• What you have to do:
Would you give the listing back word for word once its pictures are removed?

───── Material provided

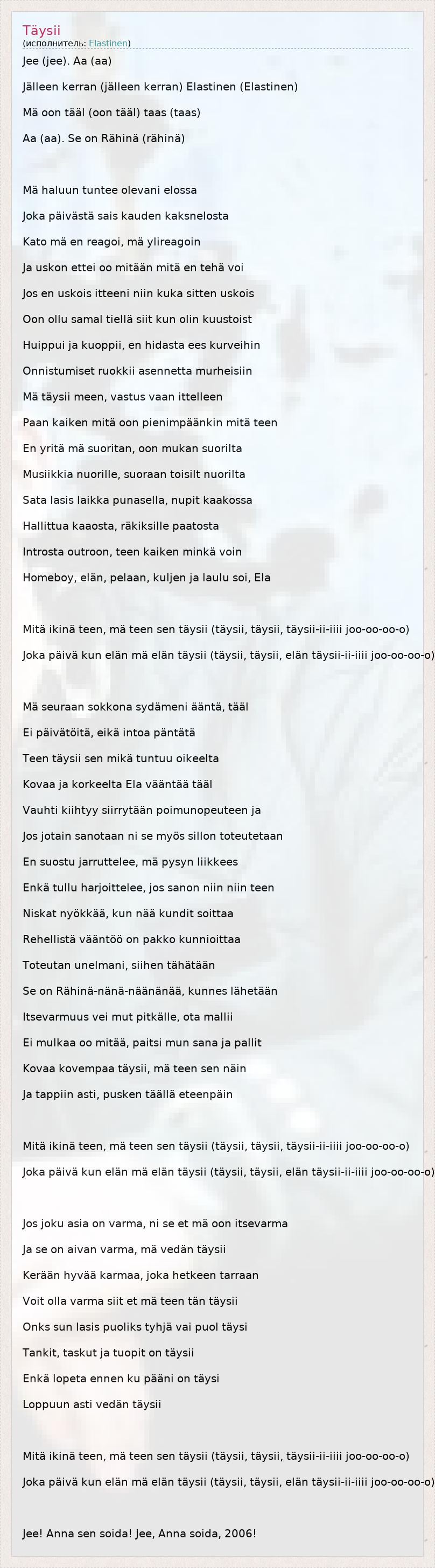 Jee (jee). Aa (aa) Jälleen kerran (jälleen kerran) Elastinen (Elastinen) Mä oon tääl (oon tääl) taas (taas) Aa (aa). Se on Rähinä (rähinä) Mä haluun tuntee olevani elossa Joka päivästä sais kauden kaksnelosta Kato mä en reagoi, mä ylireagoin Ja uskon ettei oo mitään mitä en tehä voi Jos en uskois itteeni niin kuka sitten uskois Oon ollu samal tiellä siit kun olin kuustoist Huippui ja kuoppii, en hidasta ees kurveihin Onnistumiset ruokkii asennetta murheisiin Mä täysii meen, vastus vaan ittelleen Paan kaiken mitä oon pienimpäänkin mitä teen En yritä mä suoritan, oon mukan suorilta Musiikkia nuorille, suoraan toisilt nuorilta Sata lasis laikka punasella, nupit kaakossa Hallittua kaaosta, räkiksille paatosta Introsta outroon, teen kaiken minkä voin Homeboy, elän, pelaan, kuljen ja laulu soi, Ela Mitä ikinä teen, mä teen sen täysii (täysii, täysii, täysii-ii-iiii joo-oo-oo-o) Joka päivä kun elän mä elän täysii (täysii, täysii, elän täysii-ii-iiii joo-oo-oo-o) Mä seuraan sokkona sydämeni ääntä, tääl Ei päivätöitä, eikä intoa päntätä Teen täysii sen mikä tuntuu oikeelta Kovaa ja korkeelta Ela vääntää tääl Vauhti kiihtyy siirrytään poimunopeuteen ja Jos jotain sanotaan ni se myös sillon toteutetaan En suostu jarruttelee, mä pysyn liikkees Enkä tullu harjoittelee, jos sanon niin niin teen Niskat nyökkää, kun nää kundit soittaa Rehellistä vääntöö on pakko kunnioittaa Toteutan unelmani, siihen tähätään Se on Rähinä-nänä-näänänää, kunnes lähetään Itsevarmuus vei mut pitkälle, ota mallii Ei mulkaa oo mitää, paitsi mun sana ja pallit Kovaa kovempaa täysii, mä teen sen näin Ja tappiin asti, pusken täällä eteenpäin Mitä ikinä teen, mä teen sen täysii (täysii, täysii, täysii-ii-iiii joo-oo-oo-o) Joka päivä kun elän mä elän täysii (täysii, täysii, elän täysii-ii-iiii joo-oo-oo-o) Jos joku asia on varma, ni se et mä oon itsevarma Ja se on aivan varma, mä vedän täysii Kerään hyvää karmaa, joka hetkeen tarraan Voit olla varma siit et mä teen tän täysii Onks sun lasis puoliks tyhjä vai puol täysi Tankit, taskut ja tuopit on täysii Enkä lopeta ennen ku pääni on täysi Loppuun asti vedän täysii Mitä ikinä teen, mä teen sen täysii (täysii, täysii, täysii-ii-iiii joo-oo-oo-o) Joka päivä kun elän mä elän täysii (täysii, täysii, elän täysii-ii-iiii joo-oo-oo-o) Jee! Anna sen soida! Jee, Anna soida, 2006!
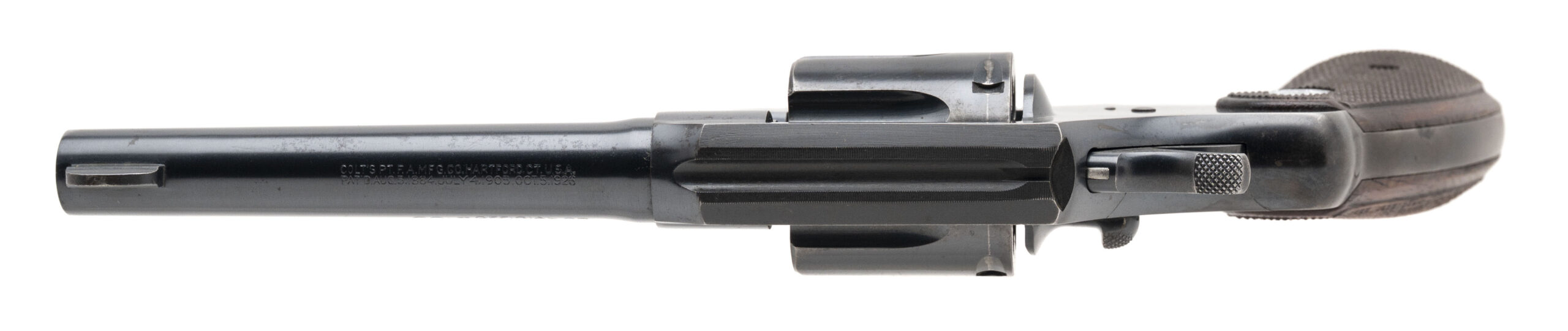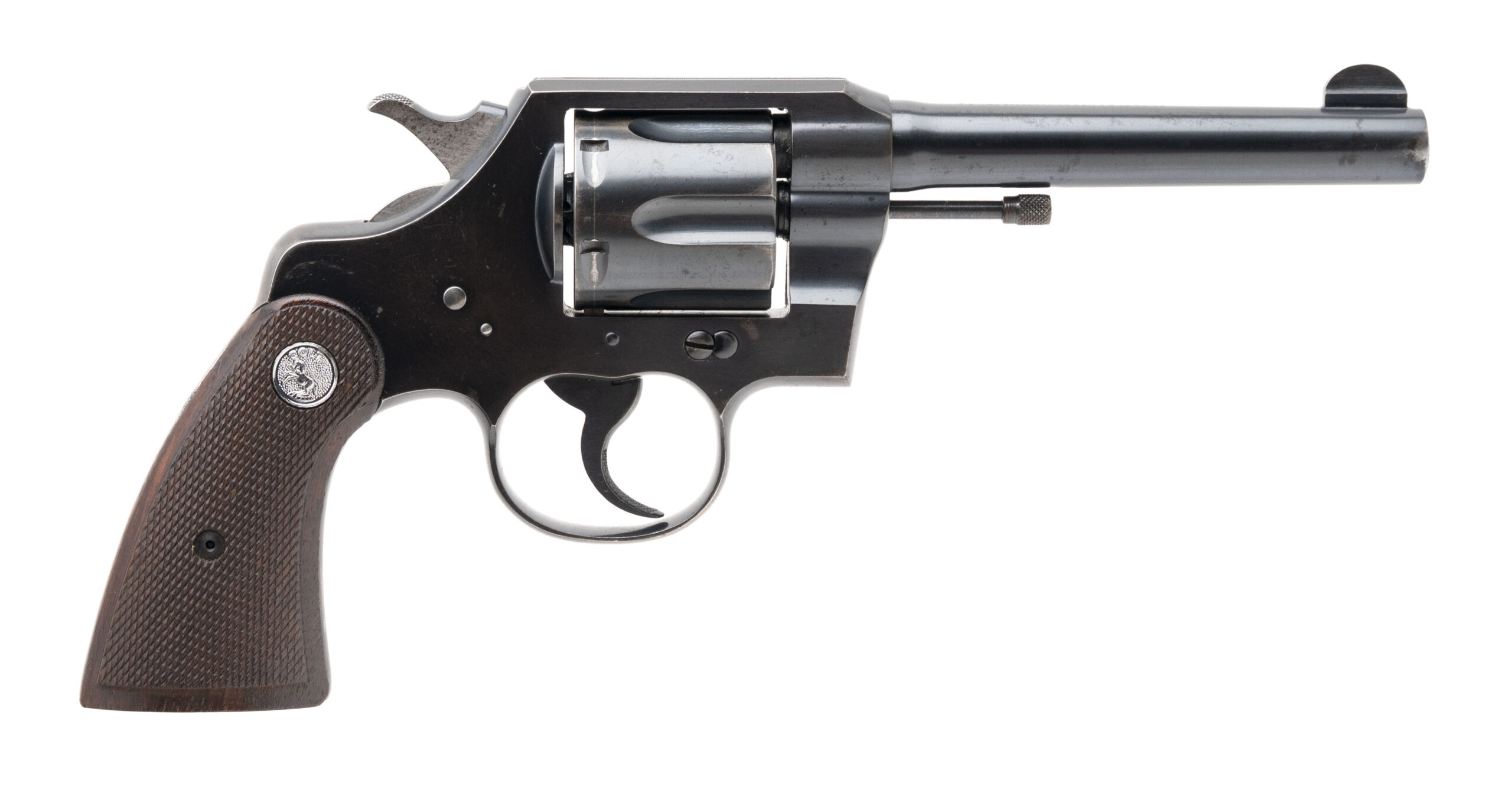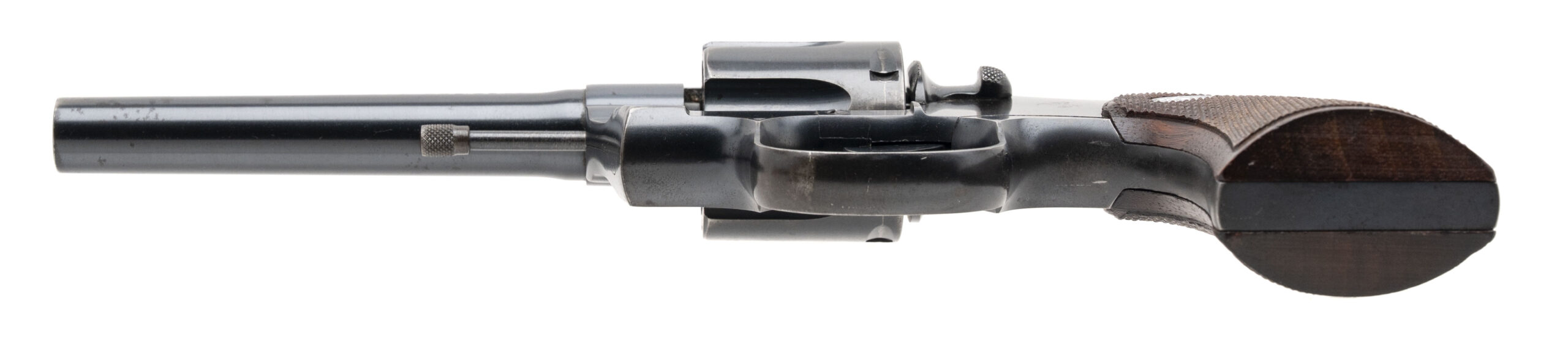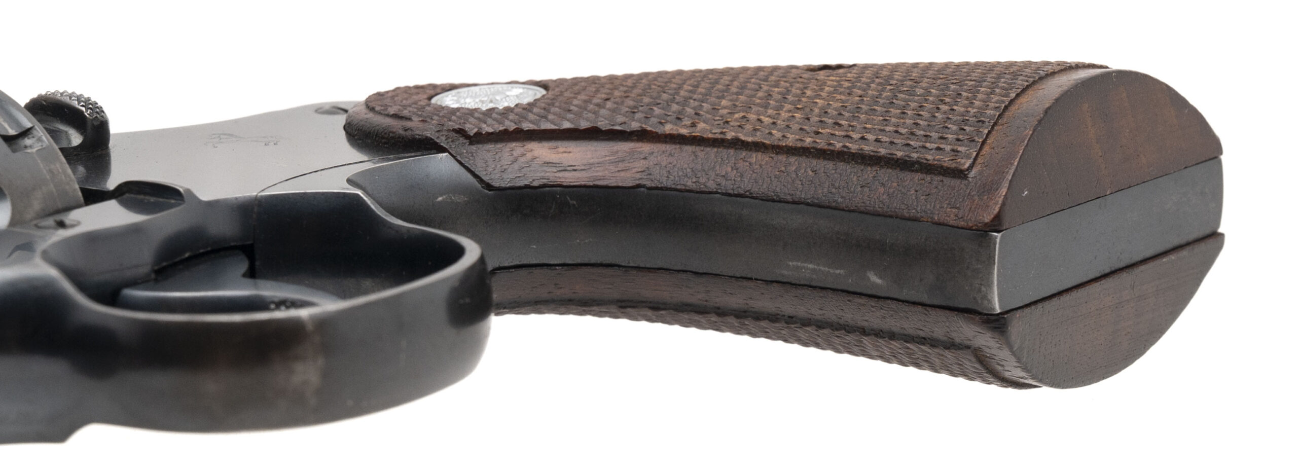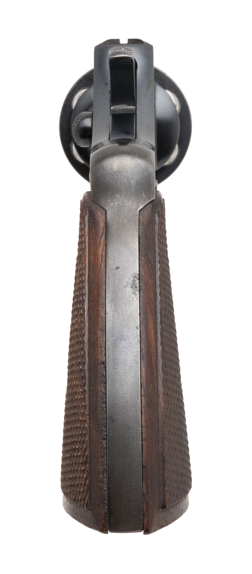 SN: 705078. Made in 1943, .38 Special with a 5" barrel. Bore is excellent. D/A service revolver with blue finish and wood grips. Has about 80% blue mixed with brown patina, mainly on the grip frame. The grips are very good with light wear.
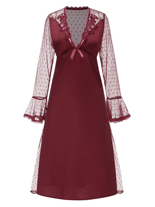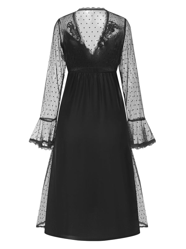 1950er Dots Transparente Ärmel Tief V-Ausschnitt Nachthemd
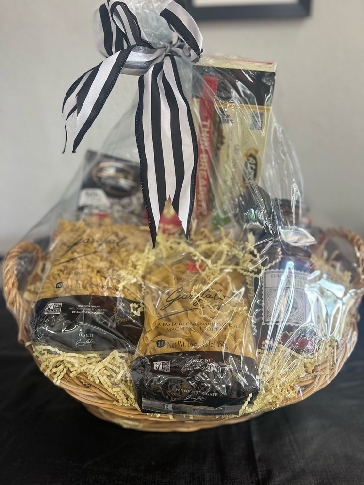 This amazing basket donated from The Fresh Market contains variety of pastas, sauce, parmesan cheese, dark chocolate, and a bottle Dark Horse Red Blend wine. Perfect for an at home Italian date night! (Value: $100)

──────────

• Solution below:
 Jee (jee). Aa (aa) Jälleen kerran (jälleen kerran) Elastinen (Elastinen) Mä oon tääl (oon tääl) taas (taas) Aa (aa). Se on Rähinä (rähinä) Mä haluun tuntee olevani elossa Joka päivästä sais kauden kaksnelosta Kato mä en reagoi, mä ylireagoin Ja uskon ettei oo mitään mitä en tehä voi Jos en uskois itteeni niin kuka sitten uskois Oon ollu samal tiellä siit kun olin kuustoist Huippui ja kuoppii, en hidasta ees kurveihin Onnistumiset ruokkii asennetta murheisiin Mä täysii meen, vastus vaan ittelleen Paan kaiken mitä oon pienimpäänkin mitä teen En yritä mä suoritan, oon mukan suorilta Musiikkia nuorille, suoraan toisilt nuorilta Sata lasis laikka punasella, nupit kaakossa Hallittua kaaosta, räkiksille paatosta Introsta outroon, teen kaiken minkä voin Homeboy, elän, pelaan, kuljen ja laulu soi, Ela Mitä ikinä teen, mä teen sen täysii (täysii, täysii, täysii-ii-iiii joo-oo-oo-o) Joka päivä kun elän mä elän täysii (täysii, täysii, elän täysii-ii-iiii joo-oo-oo-o) Mä seuraan sokkona sydämeni ääntä, tääl Ei päivätöitä, eikä intoa päntätä Teen täysii sen mikä tuntuu oikeelta Kovaa ja korkeelta Ela vääntää tääl Vauhti kiihtyy siirrytään poimunopeuteen ja Jos jotain sanotaan ni se myös sillon toteutetaan En suostu jarruttelee, mä pysyn liikkees Enkä tullu harjoittelee, jos sanon niin niin teen Niskat nyökkää, kun nää kundit soittaa Rehellistä vääntöö on pakko kunnioittaa Toteutan unelmani, siihen tähätään Se on Rähinä-nänä-näänänää, kunnes lähetään Itsevarmuus vei mut pitkälle, ota mallii Ei mulkaa oo mitää, paitsi mun sana ja pallit Kovaa kovempaa täysii, mä teen sen näin Ja tappiin asti, pusken täällä eteenpäin Mitä ikinä teen, mä teen sen täysii (täysii, täysii, täysii-ii-iiii joo-oo-oo-o) Joka päivä kun elän mä elän täysii (täysii, täysii, elän täysii-ii-iiii joo-oo-oo-o) Jos joku asia on varma, ni se et mä oon itsevarma Ja se on aivan varma, mä vedän täysii Kerään hyvää karmaa, joka hetkeen tarraan Voit olla varma siit et mä teen tän täysii Onks sun lasis puoliks tyhjä vai puol täysi Tankit, taskut ja tuopit on täysii Enkä lopeta ennen ku pääni on täysi Loppuun asti vedän täysii Mitä ikinä teen, mä teen sen täysii (täysii, täysii, täysii-ii-iiii joo-oo-oo-o) Joka päivä kun elän mä elän täysii (täysii, täysii, elän täysii-ii-iiii joo-oo-oo-o) Jee! Anna sen soida! Jee, Anna soida, 2006!
 SN: 705078. Made in 1943, .38 Special with a 5" barrel. Bore is excellent. D/A service revolver with blue finish and wood grips. Has about 80% blue mixed with brown patina, mainly on the grip frame. The grips are very good with light wear.
 1950er Dots Transparente Ärmel Tief V-Ausschnitt Nachthemd
 This amazing basket donated from The Fresh Market contains variety of pastas, sauce, parmesan cheese, dark chocolate, and a bottle Dark Horse Red Blend wine. Perfect for an at home Italian date night! (Value: $100)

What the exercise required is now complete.